Last week, I wrote a post I didn’t write. In the introductory paragraph, I clearly stated that it was a mash-up of two similar — and, to many people, familiar — packages of pronouncements that illustrate the writing errors (or are they?) they are intended to highlight.

For what I thought were obvious reasons, I didn’t state outright that this list is a parody of writing rules, though I did offer a hint with a reference to “wit and wisdom,” which I considered a tip-off that the article is not to be taken at face value.

Thus, I was flabbergasted to receive a flurry of emails castigating me for 1) using the phrase “write good” in place of “write well” in the headline (which, like the content, I borrowed from the original writers) and 2) writing an egregiously error-filled post.

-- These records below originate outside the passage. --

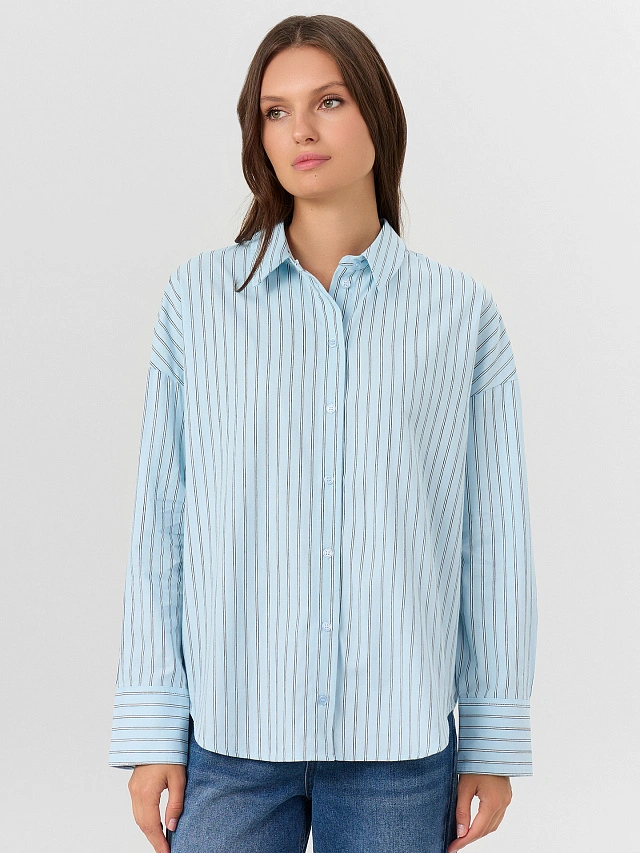 Свободный крой не сковывает движений, а тонкие вертикальные полосы визуально вытягивают силуэт, добавляя образу легкости. Женская рубашка голубого цвета легко сочетается с классическими брюками, джинсами или юбкой, делая её идеальным вариантом для офиса, прогулок или встреч с друзьями. Круглая горловина плавно переходит в отложной воротник, создавая гармоничный и утончённый силуэт.
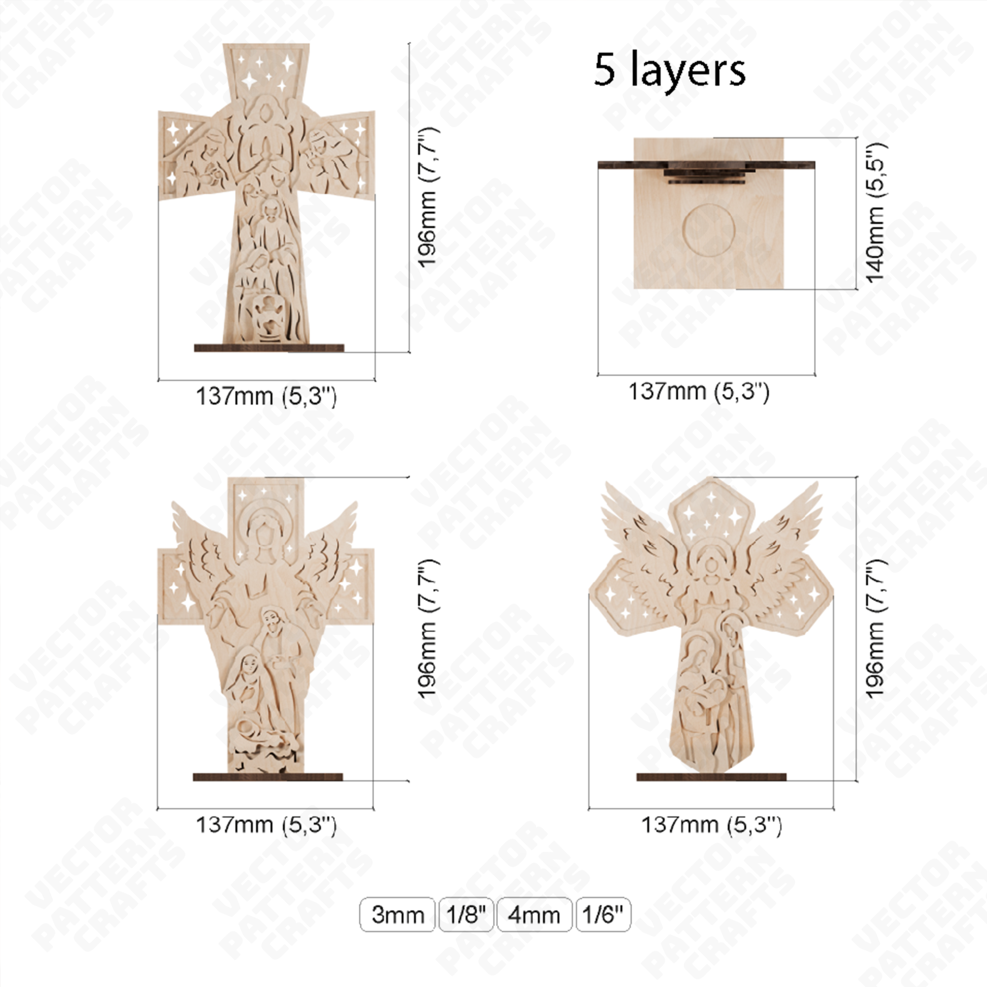This file is specifically optimized for materials with thicknesses of 3 mm, 0.125 ", 4 mm, 0.166 " offering great flexibility for various projects and preferences. ๐
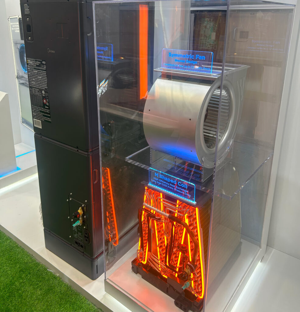 Midea also introduced an air handler solution called the Air Cube. This type of air handler can be configured in multiple ways, making it easier for contractors to overcome installation obstacles when they need to move large volumes of air from a heat pump throughout a home. The air handler also features an M-coil that is more efficient than conventional A-coils and can act as an additional source of heat when needed in cold climates.
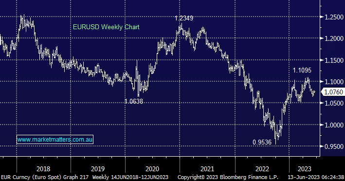 The Euro looks very similar to the $US but in reverse, while we still see further consolidation/weakness over the coming weeks the downside momentum is running out of steam – the read-through being that resources could take another leg on the downside but it’s likely to be when MM will look to increase our exposure to the area.
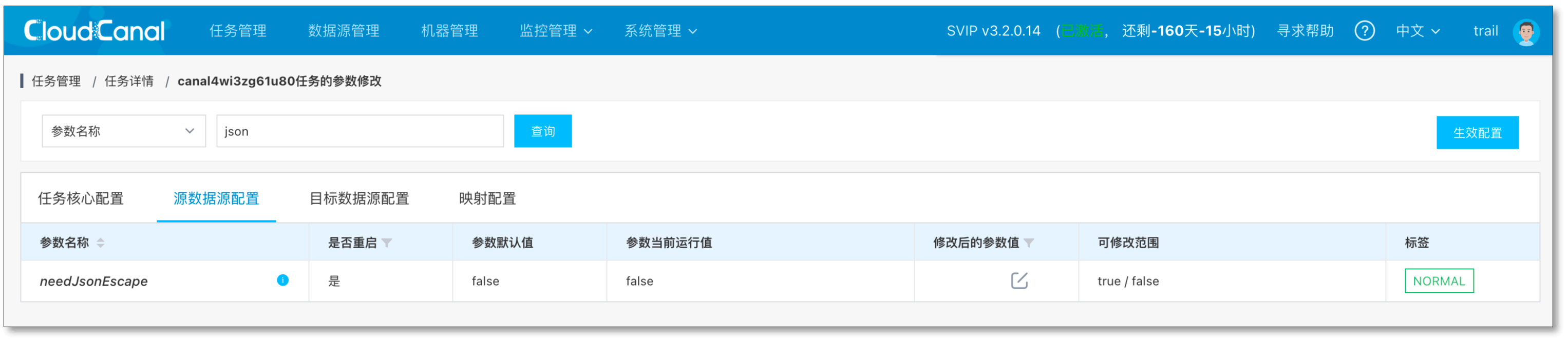 - 任务详情 > 更多功能 > 参数修改 > 源数据源配置,设置参数 needJsonEscape 为 true
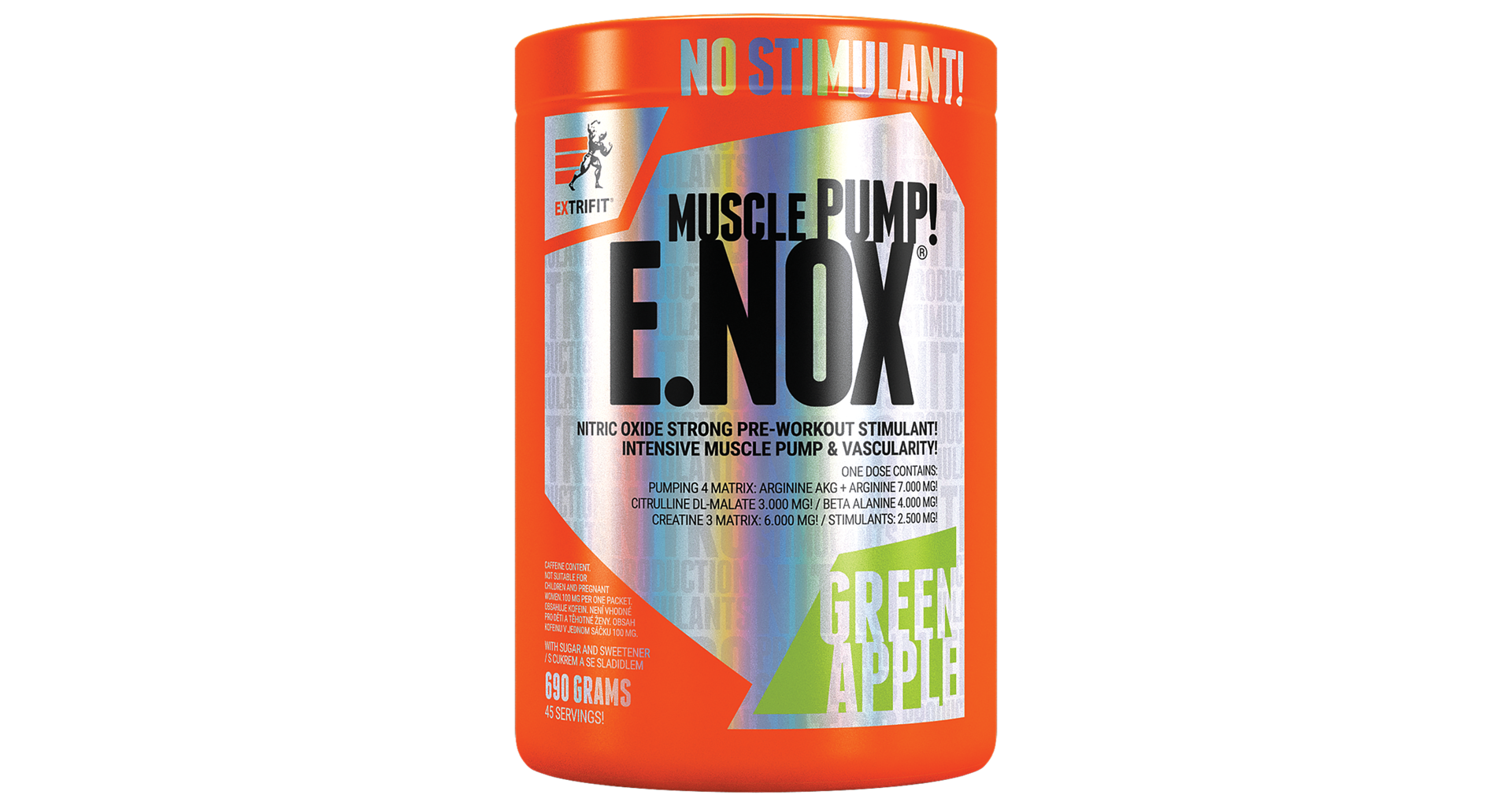 E.nox Shock® je představitelem nejmodernější generace produktů na bázi NO. Obsahuje unikátní kombinaci účinných látek ve vysokém množství: arginin AKG - alfaketoglutarát (10870 mg ve 100 g produktu), arginin bázi (4348 mg ve 100 gramech produktu), citrulin (6522 mg ve 100 gramech produktu) a beta alanin (8696 mg ve 100 g produktu). Chcete poznat novou dimenzi tréninků, intenzitu, jakou jste ještě nezažili? Toužíte po maximálním napumpování svalů? E.nox Shock je oblíbeným suplementem ve své kategorii, využívají jej naši kulturisté, jako jsou Petr Března nebo Slavoj Bednář.
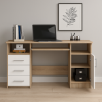 Birou ANA pentru calculator, cu 3 sertare si 1 usa, 124x52x74 cm, stejar sonoma si alb
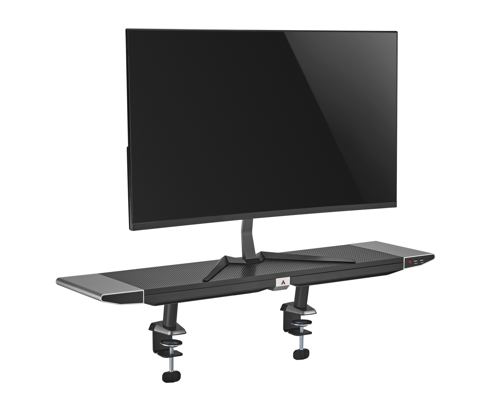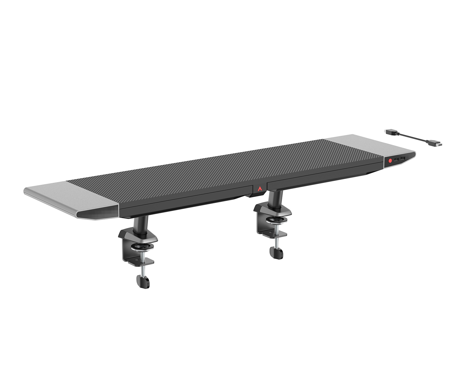 Kiinnityskiinnikkeen avulla jalusta kiinnittyy tukevasti pöytään ja tarjoaa vertaansa vailla olevan vakauden. Sano hyvästit heiluville asetuksille ja tervetuloa peliasemallesi vankka perusta. Mutta se ei lopu tähän, näytön nousuputkessa on myös kaksi sivutaskua kaikille pienille toimistotarvikkeillesi, mikä tekee järjestämisestä helppoa.
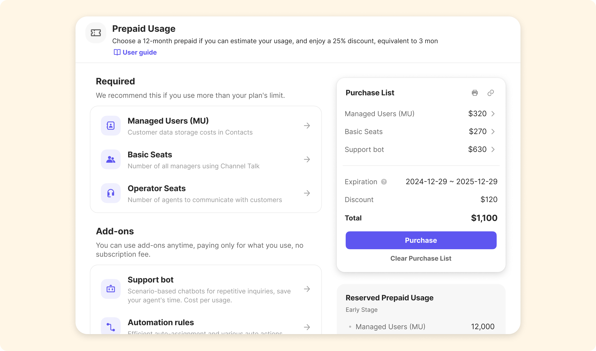 Prepaid is the most affordable way to subscribe to Channel Talk! If paying for different usages individually has been inconvenient, you can now pay for them all at once, whenever you want.

At first, I was inclined in this follow-up post to write, “Don’t feel bad if you were hornswoggled.” I recalled the schoolroom handout listing seemingly random and inane tasks students are instructed to perform one by one after reading through the entire page first — the last item of which reads something like “Do nothing on this list except write your name on this paper and put your pencil down.”

If you experienced this exercise, do you recall how you giggled while you sat there after writing your name and putting your pencil down, smugly watching your classmates pat their heads while rubbing their stomachs, then hoot like an owl three times, and follow whatever other goofy instructions preceded the injunction to ignore all preceding items?

Or perhaps, like me, you didn’t read the last item very carefully.

But then, when I reread the scolding responses to “50 Tips on How to Write Good” (which, in case you didn’t notice, has 52 items, plus a postscript that counts as number 53), I was reminded that many people don’t read very carefully.

And there’s more to the list than meets the eye. Some items simply illustrate, through deliberate error, the peril of ignoring the admonition within. Others, like “Avoid alliteration. Always.” and “Employ the vernacular,” point out the fallacies within: Alliteration is a valid stylistic device (and one you may notice I enthusiastically embrace), and sesquipedalian sentences arrest one’s ocular organs — just use these strategies sparingly.

Months ago, I wrote a post in which I jokingly titled a section “Write Good.” When several readers commented on the poor grammar, Daniel, the site’s webmaster, and I agreed that the deliberate error was distracting, and he changed it to “Write Well.” But when I decided to disseminate last week’s humorous lesson on writing, I assumed that even if site visitors were initially taken aback by the sight of “Write Good” in the headline, they would, after reading the list, understand why I had erred in my word choice.

For many readers, obviously, that didn’t happen, and for them, “50 Tips on How to Write Good” was a washout. But what was the alternative? “50 Funny, Fallacious Tips on How to Write Good (You Know I Meant ‘Well’)” is a thudding spoiler.

The lesson for me is to write what comes naturally — but to realize that, although I have a role in, and some responsibility for, how my writing is received, it is ultimately the individual reader who determines the success or failure of that writing.